Rmodepdf – convert web pages to PDF using LaTeX

Michal Hoftich <[email protected]>

Version devel, November 14, 2024
Homepage: https://www.kodymirus.cz/texblend/
Issue tracker: https://github.com/michal-h21/texblend

Contents

1 Introduction
2 Usage
3 Command Line Options
3.1 Image Handling
3.2 MathJax Support
3.3 Page format
4 Configuration
4.1 The document table
4.2 The pages table
5 LaTeX Templates
5.1 Syntax
5.1.1 Variable expansion
5.2 Required packages
6 Scripting
7 License
8 Changelog

1 Introduction

This utility converts text content of web pages to PDF using LaTeX. The text content is extracted using rdrview1, utility that provides a port of Firefox’s reader view functionality.

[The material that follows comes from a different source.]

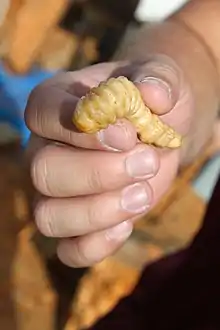 - Huhu grubs, the larvae of the large New Zealand beetle Prionoplus reticularis, retrieved from rotten logs that are chopped up on site. Sometimes served live to daring or intoxicated attendees,[6] but usually cooked on a barbecue, these are described as "nutty and meaty" in flavour.[31]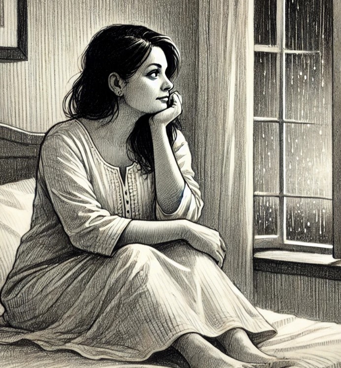 Later, as midnight rain showered against the window, she watched her partner sleep peacefully beside her, his soft snores filling the quiet room. Yet, within her, a sudden emptiness swelled—hollow and cold. She sat at the edge of the bed, closed her eyes, and a dream washed over her—a dream of herself in a dimly lit room.

This means that it strips away clutter like buttons, ads, background images, and videos, leaving only the article text.

It doesn’t support any CSS or JavaScript, only plain HTML. The main purpose is to create version of longer articles suitable for reading on e-readers, tablets and phones. Another possible usage is for printing of web pages.

2 Usage

The basic usage is following:

$ rmodepdf <url>

If the compilation goes well, Rmodepdf should print a message like:

[STATUS]  rmodepdf: File saved as: Page_Title.pdf

File name of the PDF name is based on the web page title. You can choose a different filename using the -o option:

$ rmodepdf -o sample <url>

You can also compile several web pages at once, Rmodepdf will convert all URLs passed as argument as one PDF, with the filename based on the first page’s title:

$ rmodepdf <url1> <url2> <url3>

Instead of URLs, you can also pass filenames of local files or pass the HTML code from the standard input with the - option:

$ rmodepdf - < localfile.html

3 Command Line Options

-b,--baseurl       (default "")      Base URL used when the HTML content is read
                                     from the standard input
-c,--configfile    (default "")      Filename of Lua configuration file
-h,--help                            Print help message
-H,--nohyperlinks                    Don't create special elements for internal hyperlinks
-i,--imgdir        (default "")      Download images and save them to the
                                     specified directory
-l,--loglevel      (default status)  Set log level
                                     possible values: debug, info, status,
                                     warning, error, fatal
-n,--noimages                        Don't download images
-N,--nomathjax                       Don't process LaTeX commands in the HTML
                                     document
-t,--template      (default "")      LaTeX template
-o,--output        (default "")      Output file name
-p,--pageformat    (default ebook)   Page format
-R,--nordrview                       Don't use rdrview to get the clean contents
                                     from the web pages
-s,--pagestyle     (default empty)   \pagestyle for the document
-p,--print                           Print the converted LaTeX source
-v,--version                         Print version
<url>              (string)

3.1 Image Handling

By default, Rmodepdf downloads all images and saves them as temporary files which are removed after each run. If you want to reuse these images, use the --imgdir option. It expects an existing directory where images should be saved.

$ rmodepdf -i img <url>

If you read HTML content from the standard input, you can use the --baseurl option to point to the adress where images should be looked up.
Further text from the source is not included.